The bill would require the finance minister to report to the House on his deficit or surplus projections, and his earlier projections, and to explain the discrepancy. In other words, when he makes certain projections in his budget and he realizes later on that the deficit or surplus will be different, he should he required to explain why.
There is no such requirement at this time. He tells us whatever he wants and, when the margin of error on his six month deficit or surplus forecast is 63%, the only opportunity we have to say anything to him about that, without him having to be accountable to parliament, is when he presents his economic statement to the finance committee. He tells us “Excuse me, our tax revenues were higher than expected so our forecast was off by 62%; things are better than we thought”.
An economist in the private sector who made the same kind of error the finance minister made in his forecast would certainly lose his job. He would be fired.
Under this bill, the minister would be required to table a report in the House of Commons. He would have to justify any error in his forecast. That would certainly be an improvement from what we have seen, from what the opposition parties have seen and from what Canadians have seen over the last five years. They are given wrong information, which is not democratic. Passing this bill would certainly be an improvement.

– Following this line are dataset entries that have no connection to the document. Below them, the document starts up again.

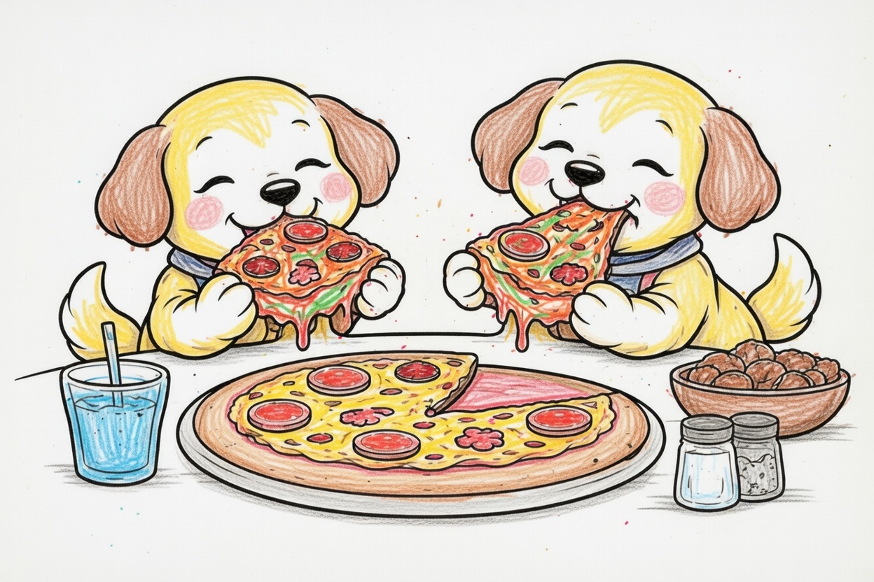 Two happy puppies enjoy eating pizza together. This printable coloring page for kids, toddlers, and preschoolers has bold outlines, large shapes, and a fun mealtime scene.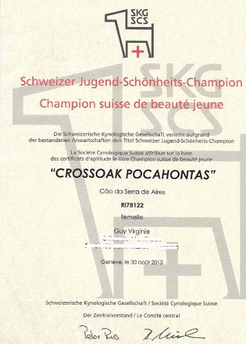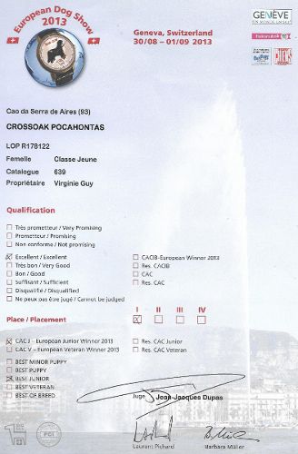 Le mot du juge dans la revue du club : "... quel sujet ! excellent format bien dans le standard; très belle expression, se déplace très bien; très bon poil et fourrure avec juste ce qu'il faut de rusticité ... Au moment de désigner le Meilleur sujet de la RE, mon choix s'est porté sans hésitation sur la très représentative Serra de Aires."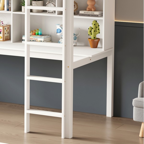 Η παιδική κουκέτα LIBRO σε διάσταση για στρώμα 90x190εκ, είναι κατασκευασμένη από ξύλο πεύκου σε ΛΕΥΚΟ χρώμα. Η πρόσβαση στο κρεβάτι γίνεται με πρακτική κάθετη σκάλα, ενώ το κάτω μέρος είναι διαμορφωμένο ως βιβλιοθήκη με χώρο για γραφείο. Το στρώμα τοποθετείται σε τάβλες από κόντρα-πλακέ ξυλεία.
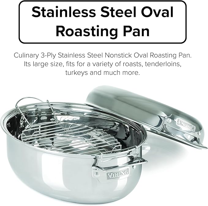 Viking 3-Ply Oval Roasting Pan, 8.5 Quart, Stainless Steel Kitchen Cookware with Metal Induction Lid and Rack, Great for Turkey, Dishwasher and Oven Safe, Silver
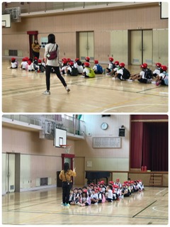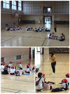 午前中、お勉強を頑張った1年生。お弁当は講堂で遠足気分で食べました。残念ながら、おやつは食べられませんが、遠足気分で友達と楽しいひとときを過ごしました。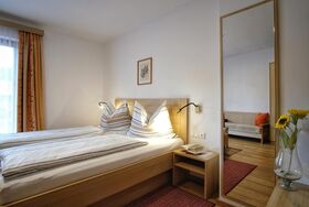Doppelzimmer mit Ausziehcouch, Dusche, WC, Sat-TV, großzügiger Balkon mit Seeblick.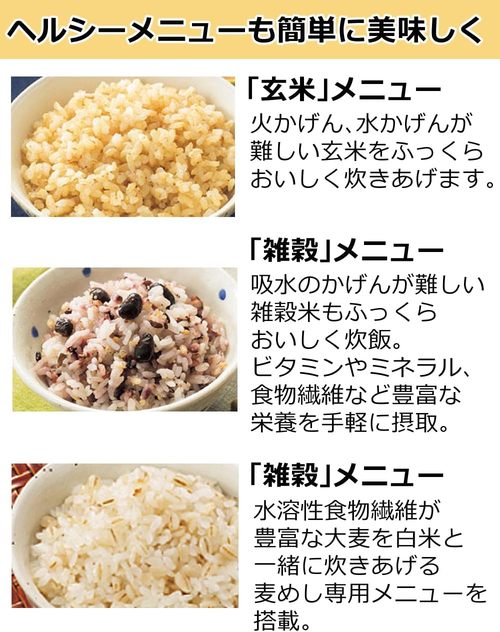 - ✕ 玄米・雑穀米・おかゆなど多彩な炊飯メニューを使いたい健康志向の方(対応モードが限定的)

What is even more important, he would be required to inform the House of any changes to his accounting methods and to explain what impact these changes may have on his budget forecast or budget results.
The finance minister is the master of accounting tricks. He does not have his match anywhere, disregarding the practices and strict standards of accounting.

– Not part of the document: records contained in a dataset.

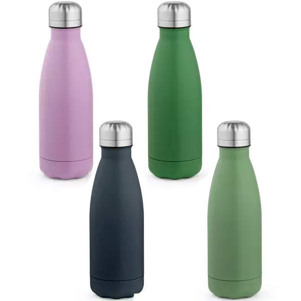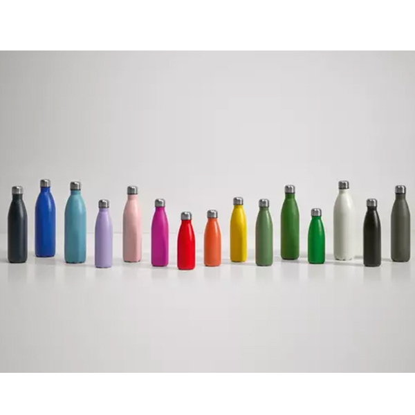 Бутилка 430 ml, изработена от рециклирана неръждаема стомана с елегантно матово покритие. Двойно изолираната стена поддържа напитките ви топли в продължение на 14 часа и студени в продължение на 48 часа. Бутилката е херметична и подходяща за съдомиялна машина. Привлекателен аксесоар, който ще ви помогне да останете хидратирани. Предлага се в 4 различни обема и във варианти с метално покритие, матово покритие и за сублимация. Доставя се в екологична крафт кутия.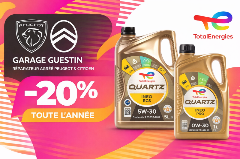 Venez profiter de notre offre avec une promotion de -20% toute l'année sur l'huile Total Energies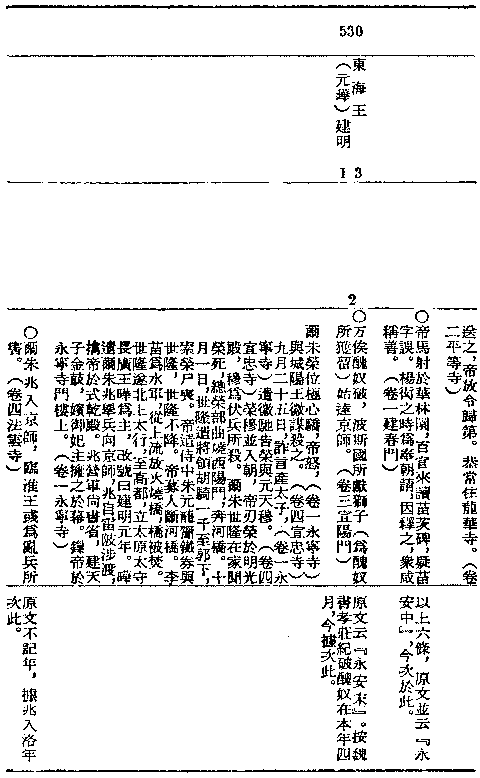 (丙)年月不記明,而有他事或他書可資參考者,則就他事或他書所記年月排次之。此類各條皆低一格,並以一小圈○冠首標識之。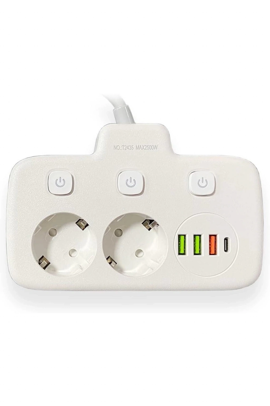 • Akım Korumalı 2’li Ayrı Anahtarlı Priz, 2x Priz, 3x Usb, 1x Type-c, 2 Mt Kablo, Hızlı Şarj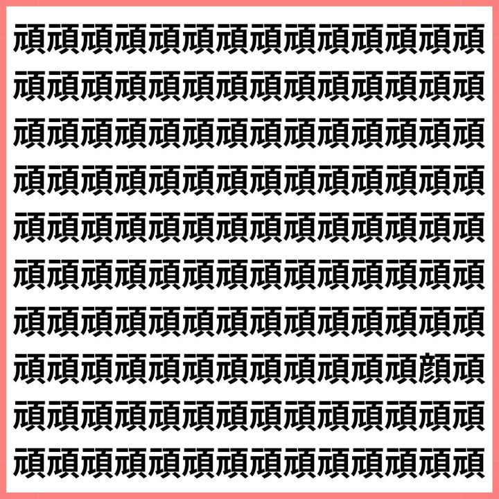 たくさんの「頑」の中に、1文字だけ違う漢字が混ざっています。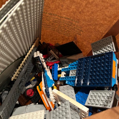 Blandat Lego (en kasse med många delar)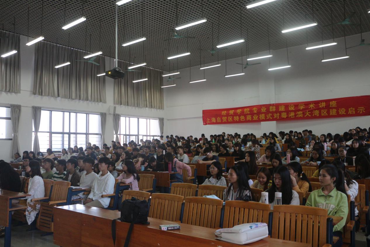 经济贸易学院于2019年12月4日下午,面向全院学生举办了一场精彩的有关专业群建设的学术讲座活动。来自上海外高桥集团股份有限公司营销部的副总经理崔姐博士/高级经济师,为经济贸易学院的师生分享了她自己的研究成果,就上海自贸区的特色商业模式,对粤港澳大湾区建设提出了建议和发展策略。经贸学院邱秀芳教授、副院长方洁教授、商贸系主任蒋晶副教授、及其他老师等出席了本次活动。

For instance, after signing an agreement with three Atlantic provinces to harmonize the GST with provincial taxes, he reported $941 million right away, in the 1995-96 fiscal year, as opposed to the year in which it would actually have been expended.

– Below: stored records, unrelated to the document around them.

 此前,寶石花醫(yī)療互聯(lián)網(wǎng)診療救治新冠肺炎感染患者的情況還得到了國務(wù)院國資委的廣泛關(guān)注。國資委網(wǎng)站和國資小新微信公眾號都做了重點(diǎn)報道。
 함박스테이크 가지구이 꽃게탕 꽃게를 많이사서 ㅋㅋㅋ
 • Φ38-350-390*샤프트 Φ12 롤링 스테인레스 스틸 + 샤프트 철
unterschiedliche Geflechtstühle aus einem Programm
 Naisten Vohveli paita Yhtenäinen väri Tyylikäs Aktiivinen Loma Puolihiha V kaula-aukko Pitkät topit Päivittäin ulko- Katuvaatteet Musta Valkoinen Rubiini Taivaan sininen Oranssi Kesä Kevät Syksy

Recently, he did it again with the millennium fund. While the first millennium scholarships will not be handed out until the year 2000, the finance minister has already charged against the previous fiscal year an amount of $2.5 billion. He did the same thing with the innovation fund.
The minister was strongly criticized by the auditor general for taking such liberties with generally accepted accounting principles, which suddenly change when applied by the finance minister. He was strongly criticized by the Auditor General of Canada, who is the watchdog of public finances and is accountable only to parliament.
Do you know what the finance minister's response was? He said that they had been told by private corporations that it was all right. This is another affront to the institution of the auditor general.
The bill would require a stringent report by the Minister of Finance to the House of Commons, to parliament, on his changes in accounting, interpretations and justifications of the budget level.